Turkish opposition rides nationalist wave in elections

A politician brandishes a noose and calls for a jailed Kurdish leader to be hanged; another accuses the prime minister of being a coward for not invading Iraq, a third says the premier is the biggest obstacle to Turkey's anti-terror effort.

Turkish opposition rides nationalist wave in elections
With the ruling Justice and Development Party (AKP) leading the opinion polls for legislative elections Sunday, opposition parties are lashing out at Prime Minister Recep Tayyip Erdogan's failure to quell renewed bloodshed by separatist Kurdish rebels in the southeast.

The secularist army, often at odds with the AKP's Islamist roots, has upped pressure on Erdogan with public appeals for an incursion into neighbouring Iraq, where the rebel Kurdistan Workers' Party (PKK), listed as a terrorist group by Ankara and much of the international community, takes refuge.

Funerals of soldiers killed by the PKK have turned from usually solemn ceremonies into anti-AKP protests during which ministers are booed and the government tagged "murderers."

"The terrorism problem is right at the heart of the elections," political scientist Fuat Keyman said.

Public anger boiled over in May when a suspected PKK militant blew himself up in Ankara, killing nine people.

"The opposition is exploiting the people's security fears. The problem of terror, the slain soldiers have become political material, which is not healthy at all," commented Mehmet Ozcan of the Ankara-based think tank USAK.

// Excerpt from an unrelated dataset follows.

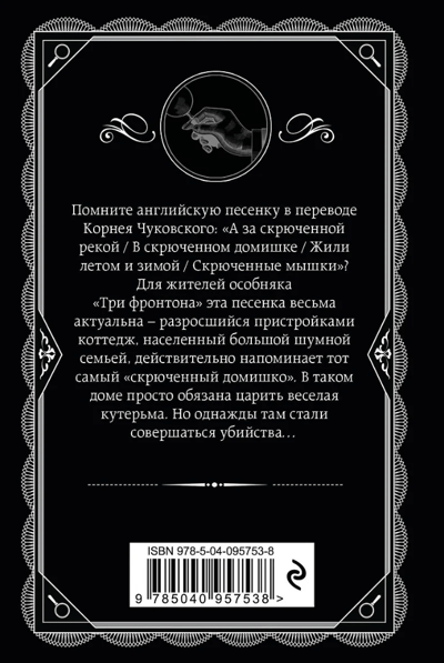Помните английскую песенку в переводе Корнея Чуковского: "А за скрюченной рекой / В скрюченном домишке / Жили летом и зимой / Скрюченные мышки"? Для жителей особняка "Три фронтона" эта песенка весьма актуальна - разросшийся пристройками коттедж, населенный большой шумной семьей, действительно напоминает тот самый "скрюченный домишко". В таком доме просто обязана царить веселая кутерьма. Но однажды там стали совершаться убийства…
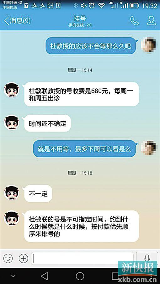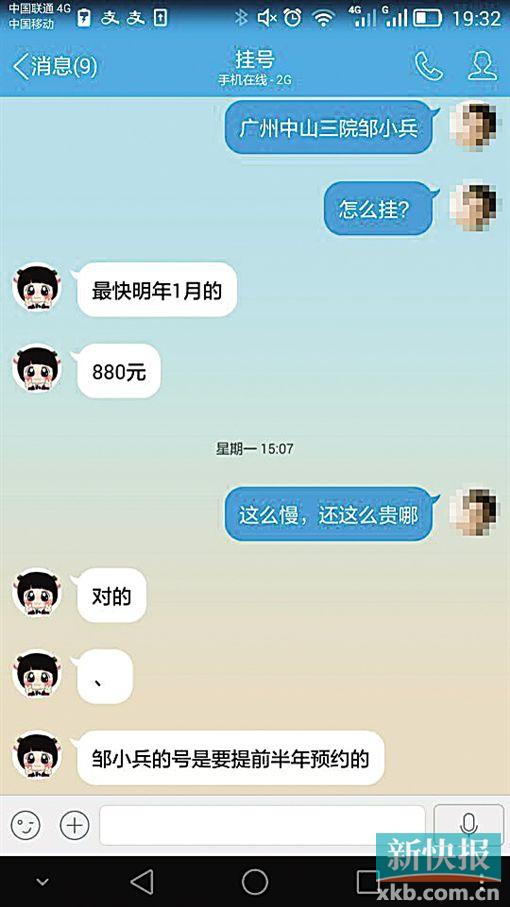 记者点击进入这家代人挂号的网站,左侧就跳出“挂号客服部”的对话框,20多名客服人员的头像不断忽闪。通过网页上的QQ客服联系了其中一名李先生,李先生告诉记者,广州三甲医院所有专家的号他们都能挂。记者要求挂中山一院儿科杜敏联教授的号,李先生一口答应,并称首先要成为广州挂号网的会员,交年费260元,同时杜教授的号每个680元;而自闭症专家邹小兵教授的号,李先生说排队的人太多,880元一个号,明年1月前能够看上,如果要提前看,必须加钱,如果指定看病时间,1500元-3000元。记者大呼贵时,客服回复称,安排床位费更贵,例如中山一院、省人民医院等广州市内大医院肿瘤、血液、生殖科等床位也能帮忙预约,5000元起步。

The opposition finds fertile ground in a society where nationalism is already on the rise, analysts say, pointing at Turkish exasperation with US inaction against PKK bases in Iraq and strong opposition in Europe to mainly Muslim Turkey's bid for EU membership.

The main beneficiary of rising nationalist sentiment will be the far-right Nationalist Action Party (MHP), which is expected to go over the 10-percent national threshold and return to parliament after a five-year absence, polling expert Hakan Bayrakci told the Internet newspaper Forum.

"The MHP will pass the threshold thanks to the rise of terrorism," he said. "Otherwise, it would have had a very hard time" getting into parliament.

While the MHP's nationalist campaign is no surprise, the main opposition Republican People Party's (CHP) endorsement of a similar agenda has stunned many and left a big void in the centre-left of Turkish politics.

The CHP, expected to be the second force in parliament after the AKP, "drifted away from its social-democrat identity. It is hard now to even call it a democratic party," Keyman said.

The traditional voice of pro-Western, secular Turks, the CHP is now opposed to EU reforms to expand free speech and minority rights and leads calls for an incursion into northern Iraq.

The opposition's reliance on "exaggerated and populist" nationalism reflects its failure to offer efficient economic policies to rival the AKP, whose four and a half years in power have resulted in economic stability and strong growth, Keyman said.

The prospect of no centre-left voice in the new parliament gave rise to an unprecedented grassroots movement that nominated an outspoken human rights defender, Baskin Oran, as an independent candidate from Istanbul.

Oran, a respected international relations professor and a close associate of slain ethnic Armenian journalist Hrant Dink, says he is campaigning for the rights of "all the oppressed and alienated" -- from Kurds and non-Muslim minorities to the unemployed and homosexuals.

He focuses on expanding Kurdish rights as a means of ending the insurgency in the southeast.

"Nationalism harms the nation most, because it triggers counter-nationalism," one of his campaign slogans says.